Semih Çelik adlı zanlı tarafından öldürülen İkbal Uzuner ve Ayşenur Halil için aklı başında her insan gibi ben de çok kızgınım . Hiçbir canlı öldürülmeyi hak etmiyor. Üstelik feci bir şekilde tasarlayarak. Katil önce Ayşenur Halil’i daha sonra da İkbal Uzuner’i öldürdü. İkbal Uzuner’in başını Edirnekapıdaki surlardan aşağıya atıp ardından da kendini attı. Korku filmi gibi…
Yıllarca emekle besleyip gözünden sakındığın evladını bir gün bir yerde bir canavar yok ediyor .
Bu haberleri duymaya ne kadar alıştık ve en acısı da bu.
Değişmeyen, hatta artan ama hiçbir şekilde eksilmeyen kadın cinayetleri…
Sanki olayları bir öncekinden daha çarpıcı hale getirmek için harcanan bir çaba var mütemadiyen .
Hasta olduğunu bilmeyen normal insan kılığına giren canlılardan oluşan bir kitle gittikçe halkasını genişletiyor.

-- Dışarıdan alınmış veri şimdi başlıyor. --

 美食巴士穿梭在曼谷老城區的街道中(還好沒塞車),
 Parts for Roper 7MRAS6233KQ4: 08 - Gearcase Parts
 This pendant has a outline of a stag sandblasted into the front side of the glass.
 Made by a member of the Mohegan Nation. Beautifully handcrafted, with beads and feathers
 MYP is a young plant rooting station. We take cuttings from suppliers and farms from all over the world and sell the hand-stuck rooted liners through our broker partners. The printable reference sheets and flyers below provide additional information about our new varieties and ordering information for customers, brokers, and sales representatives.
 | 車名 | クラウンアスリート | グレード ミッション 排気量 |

Bu sebepten ötürü kimsenin kimseye güveni kalmaması gerekir. Fakat bahse konu cani, kurbanını şaşırtmayı başarıyor bir şekilde.
Bütün beynini “O” nu sakat bırakmaya veya öldürmeye göre programladığı için de pek bir şey fark etmiyor. Çünkü sonuçta kendini de öldürüyor.

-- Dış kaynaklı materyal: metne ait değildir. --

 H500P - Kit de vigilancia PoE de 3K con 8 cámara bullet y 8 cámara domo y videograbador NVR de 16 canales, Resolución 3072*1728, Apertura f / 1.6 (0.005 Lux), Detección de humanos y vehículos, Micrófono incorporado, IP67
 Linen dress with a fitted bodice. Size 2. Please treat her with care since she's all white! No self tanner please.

Bu zihniyetler değişmez ise kadınlar doğadaki korunma ihtiyacı olan tüm canlılar gibi yaşamını sürdürmeye devam edecek.
Kime neyi anlatabiliriz ki, bu insanlar normal değil. Toplumda her yerde karşımıza çıkabilirler.

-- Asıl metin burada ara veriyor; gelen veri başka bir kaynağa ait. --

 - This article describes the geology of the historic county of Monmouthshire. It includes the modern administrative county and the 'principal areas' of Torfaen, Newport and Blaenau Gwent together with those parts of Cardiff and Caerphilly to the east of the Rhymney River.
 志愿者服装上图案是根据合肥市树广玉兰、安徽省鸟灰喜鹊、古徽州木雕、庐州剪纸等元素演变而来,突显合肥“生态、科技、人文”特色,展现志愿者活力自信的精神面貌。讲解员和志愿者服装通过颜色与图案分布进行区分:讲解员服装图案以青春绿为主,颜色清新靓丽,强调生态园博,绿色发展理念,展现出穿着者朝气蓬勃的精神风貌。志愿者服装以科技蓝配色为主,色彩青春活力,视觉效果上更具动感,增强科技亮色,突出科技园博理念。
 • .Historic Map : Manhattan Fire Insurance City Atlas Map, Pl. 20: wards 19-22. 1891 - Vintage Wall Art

Bir toplumda kadınlar ve çocuklar öldürülüyorsa o toplumun geleceği bitmeye mahkûmdur.
Yaşamın devamlılığını sağlayan kadınlardır, gelecek güzel günler de çocuklarımıza emanettir.
Son zamanlarda basında küçücük çocukların istismarlarını ve ne yazık ki kendi yakınları tarafından da feci şekilde katledildiğini duyuyoruz.
Aslında daha çok şeyler yazmak istiyorum ama kendime olan saygımdan ötürü yazmıyorum…
Bu kötü olayları duydukça hani diyoruz ya kıyamet kopacak artık diye. Artık bu kadarı da pes dediğimiz kıyametin koptuğu yerdeyiz !!!